For those who work in high stress professions, dishing slang is pretty normal. The military have invented hundreds of such terms to describe their work. 'SNAFU', 'FUBAR,' and 'BOHICA' are just three terms in common use that started off as military slang. Police, firefighters and paramedics have their own unique slang. So do teachers, lawyers, stockbrokers and car salesmen.

True, it may be that doctors have invented more slang than most other kinds of professionals. But that's because as doctors they encounter more situations that generate strong emotional reactions than most other professions.

Another important purpose of hospital slang is to help health professionals cope with patients who are in pain and suffering as well as those who die on their watch.

What do the phrases "circling the drain," "discharged up," and "hanging crepe" have in common? They are just three of many phrases used by doctors that refer to patients who died or are in the process of dying. There are many more where those came from. There are probably more words and phrases used to talk about patients at or near death than almost any other clinical condition or situation.

Dark humour has been part of the culture of modern medicine for at least 70 years. In the 1950s, Dr. Renee Fox, one of the pioneers of medical sociology, observed second-year medical students at Columbia University Medical College as they attended their first autopsies. In her research from the 1950s, Fox noted that gallows humour flourished in the anatomy laboratory.

That gallows humour existed back then and still exists today does not in any way suggest or imply that doctors are unfeeling about their patients. The humour and the slang are coping skills for a profession increasingly stressed not only by the suffering of their patients but also by the futility of their efforts to ease it.

As physicians, none of this is supposed to affect us. That's because physicians have long been taught to remain emotionally detached from patients. We have a venerable Canadian physician named Sir William Osler to thank for that. Osler, who taught at McGill University, was one of the founders of modern medical education. In a famous essay entitled Aequanimitas, Osler admonished MDs to maintain an attitude of unflappability that he referred to as "imperturbability," which to me means never letting patients and their families see physicians sweat.

Today, we call that emotional detachment. Today, patients and their families want doctors to show concern for the situations that cause patients and their families emotional distress. Finding the balance between emotional detachment and concern for the patient is the great challenge of modern medicine.

As a veteran ER physician, I don't see how it's possible to observe the horrific traumas that befall our patients from a position of complete emotional safety. Given the rising rates of compassion fatigue, moral distress and burnout among health professionals, I doubt that detachment is as desirable as it may have been in Osler's day.

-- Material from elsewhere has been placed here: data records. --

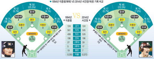 안타 분포를 보면 둘 다 스프레이 히터로서, 어떤 코스로든 안타를 날릴 수 있는 능력을 발휘하고 있다. 우타자인 이종범은 내야안타 16개(8.2%)를 기록하면서 왼쪽(좌측 75개, 좌중간 12개)으로 약 44.4%를 때렸고, 가운데(50개)로 25.5%, 오른쪽(우측 35개, 우중간 8개)으로 21.9%를 날렸다. 우투좌타인 서건창은 오른쪽(우측 63개, 우중간 15개)으로 39.7%, 가운데(46개)로 23.5%, 왼쪽(좌측 35개, 좌중간 17개)으로 27.1%를 기록했다. 내야안타는 19개(9.7%)로 이종범보다 3개 많았다. 흥미로운 기록 하나. 이종범은 1994년 병살타가 2개뿐이었다. 서건창은 올해 병살타가 1개뿐이다.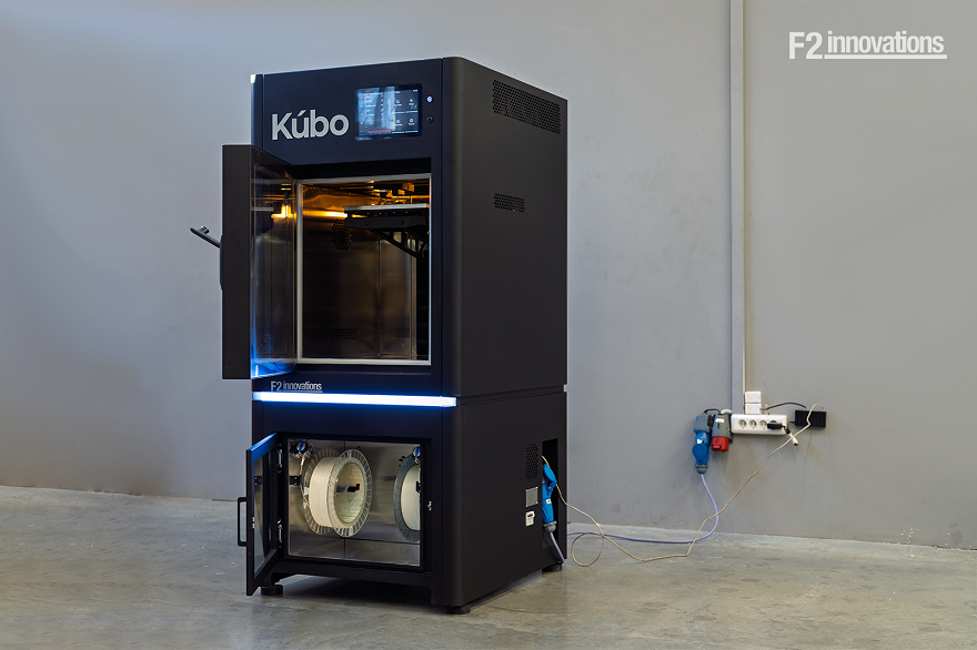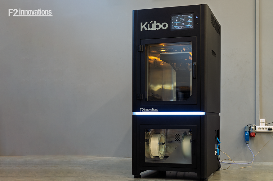 F2 Kubo — высокотемпературная аддитивная система, способная работать с широким ассортиментом полимерных и композиционных филаментов — от привычных пластиков до тугоплавких конструкционных термопластов, например полиэфирэфиркетона (PEEK) и полиэфиримида (PEI, Ultem), а также стекло- и угленаполненными композитами. 3D-принтер оснащен двумя экструдерами с максимальной температурой хотэндов 550°С. Дополнительно предусмотрен активный контроль фоновой температуры за счет конвекционной термокамеры и столика, разогреваемых до 200°С максимум. Калибровка осуществляется автоматически. Расходные материалы хранятся в отдельном сухом отсеке, подогреваемом до 60°С. Приводами системы позиционирования служат сервомоторы, вкупе с высокопроизводительными хотэндами обеспечивающие высокую скорость 3D-печати. Быстрозаменяемые хотэнды оснащаются износостойкими соплами из нержавеющей стали или сапфирового стекла.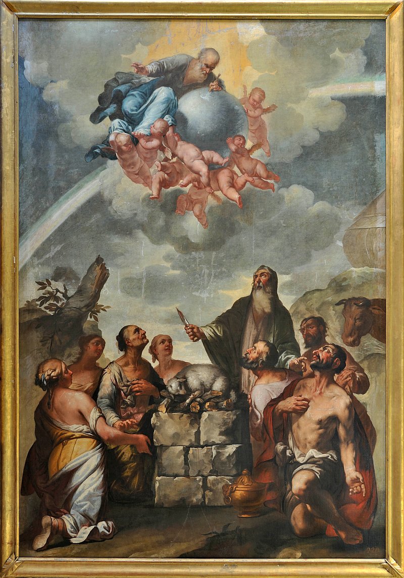 La sua prodigiosa velocità nel dipingere quasi sempre con alta ed impeccabile qualità (egli stesso diceva di usare tre pennelli: uno d'oro, per papi e monarchi; uno d'argento, per l'aristocrazia; ed uno di bronzo per la borghesia), gli permise d’essere chiamato a lavorare in numerosissime città italiane e all'estero, risiedendo infatti per un decennio alla corte di Spagna (1692-1702). L’opera ascrivibile a Luca Giordano conservata a Cendrole, come sembrerebbe confermare la numerazione posta sul recto della tela (tipica delle opere, dopo il periodo napoleonico, ricoverate presso le Gallerie dell’Accademia di Venezia, al seguito della soppressione di numerosi istituti religiosi in città e nel Veneto), dovrebbe provenire da Venezia, giunta da noi probabilmente grazie all’intervento di Jacopo Monico (come abbiamo già visto per le due tele del Diziani). Collocata sulla parete laterale del presbiterio, raffigura Il sacrificio di Noè ed è stata eseguita con stilemi figurativi ancora legati ad un classicismo d'impronta romana e bolognese, databile, pertanto, forse al periodo del suo primo soggiorno veneziano (verso la fine degli anni Sessanta del Seicento).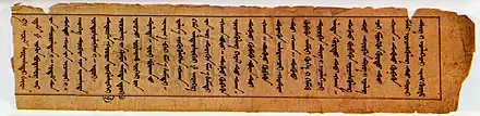 The Altan Tobchi, or Golden Summary (Mongolian script: ᠠᠯᠲᠠᠨ ᠲᠣᠪᠴᠢ Altan Tobči;[1] Mongolian Cyrillic: Алтан товч, Altan tovch), is a 17th-century Mongolian chronicle written by Guush Luvsandanzan. Its full title is Herein is contained the Golden Summary of the Principles of Statecraft as established by the Ancient Khans. The work is also named the Lu Altan Tobchi (Mongolian script: ᠯᠤ᠋ ᠠᠯᠲᠠᠨ ᠲᠣᠪᠴᠢ Lu Altan Tobči;[1] Mongolian Cyrillic: Лу Алтан товч, Lu Altan tovch) after its author to distinguish it from previous works with similar titles.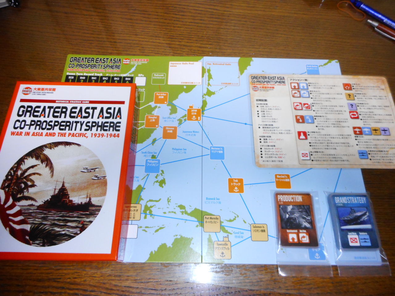 「本土決戦1945」と同様で、エリア式アルンヘムシステムに、CDSを組み合わせたアイテムです。その名の通り、太平洋戦争序盤の日本の進撃を描きます。日本軍は圧倒的ですが、その分、VPで調整していて、史実を上回るペースで占領をしていかいないと、勝てないそうです。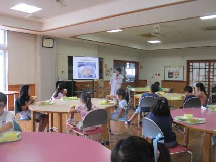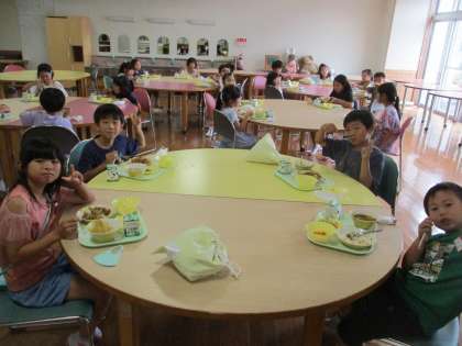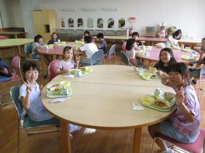 今日のメニューの夏野菜カレーには、ナスやピーマン、トマト等、みんなが育てている野菜と同じものが入っていました。みんなで食べる給食は、やっぱりおいしいですね!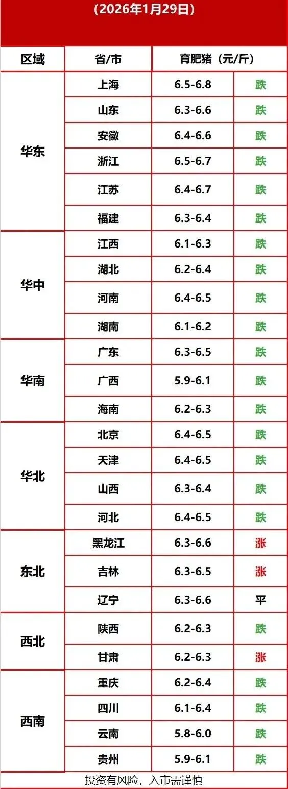 1月29日猪价依旧下调 消费疲软 等待上提 养羊网 2026-01-29 1月29日猪价依旧下调 消费疲软 等待上提每日猪价行情1月29日猪价依旧下调消费疲软 等待上提 已关注 关注 重播 分享 赞 视频详情 www.chinabreed.com中国养殖网 养羊网 2026-01-29 上一篇:1月29日猪价 | 继续走弱,东北局地反弹上涨! 下一篇:大洋路鸡蛋价格2026年 1 月 29 日报价 您可能还会对下面的文章感兴趣111: 相关文章 天天吃鸡蛋,总怕买不着好的 近期价格更新!!! 2025年4月13日全国各地生猪价格信息 鸡蛋移出我的山姆穷鬼套餐,菜场的才是yyds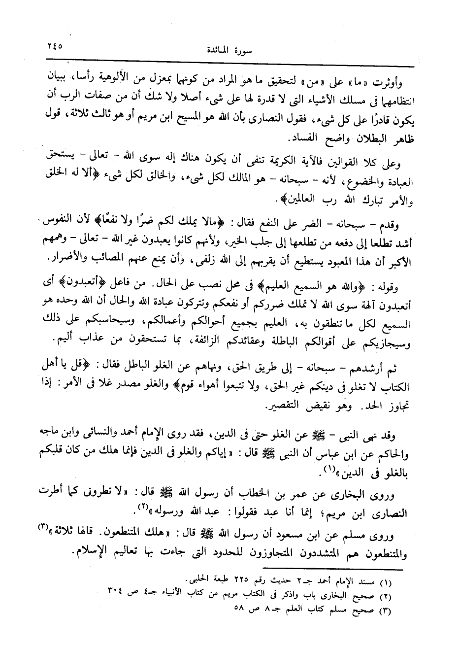 ثم أرشدهم- سبحانه- إلى طريق الحق، ونهاهم عن الغلو الباطل فقال: قُلْ يا أَهْلَ الْكِتابِ لا تَغْلُوا فِي دِينِكُمْ غَيْرَ الْحَقِّ، وَلا تَتَّبِعُوا أَهْواءَ قَوْمٍ والغلو مصدر غلا في الأمر: إذا تجاوز الحد. وهو نقيض التقصير.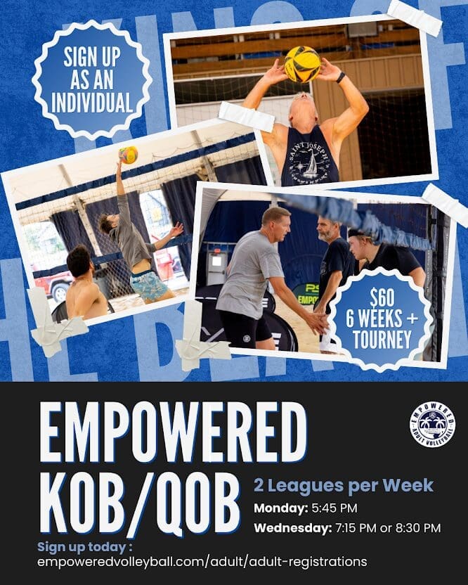 King of Beach (KOB) is a group of individuals ranging from Beginner to Open level who love beach volleyball. It's designed as a ladder league to help players mix socially, improve their skills in beach doubles, and improve their physical fitness.

Given that, I believe that slang terms like "circling the drain" and "discharged up" help doctors acknowledge and reflect upon the death or the impending death of their patients. In that sense, using slang to vent strong feelings is better than bottling them up behind a mask of imperturbability that is increasingly harder to maintain.

If I were a patient or a the family member of a patient, I'd worry more about the emotional state of the doctor who refuses steadfastly to utter a word of slang than one who does.